(Provided data)

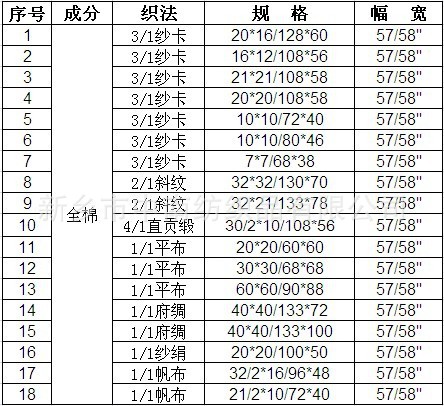 新鄉(xiāng)市中南全棉染色面料產品目錄:
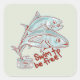 A funny cartoon illustration of tuna swimming out of a can or tina.
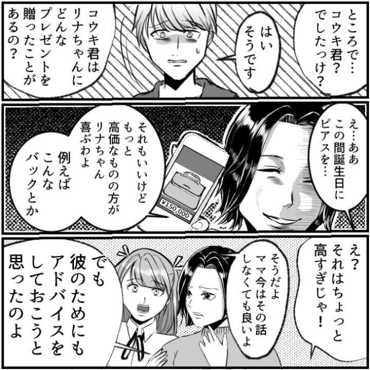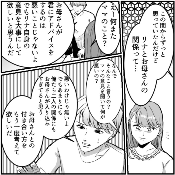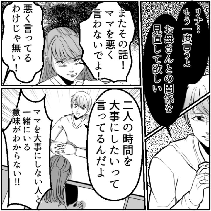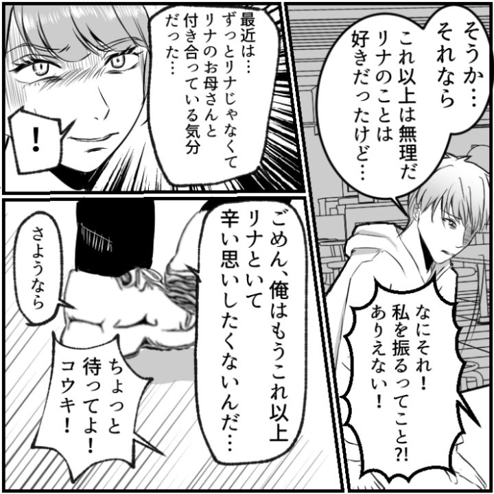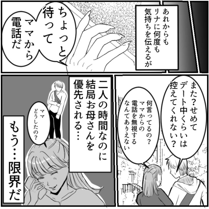 やめてほしいと伝えてもなお、母親を優先するリナ。ついにコウキも我慢の限界に達し別れることを決意。大人になっても何も自分で決められない人とは付き合っていくのが難しそうですね・・・。

(End Provided data)

▶ [Exercise] Each line above should be written out again exactly, and no picture should appear in the copy.

▶ [Completed exercise]
 新鄉(xiāng)市中南全棉染色面料產品目錄:
 A funny cartoon illustration of tuna swimming out of a can or tina.
 やめてほしいと伝えてもなお、母親を優先するリナ。ついにコウキも我慢の限界に達し別れることを決意。大人になっても何も自分で決められない人とは付き合っていくのが難しそうですね・・・。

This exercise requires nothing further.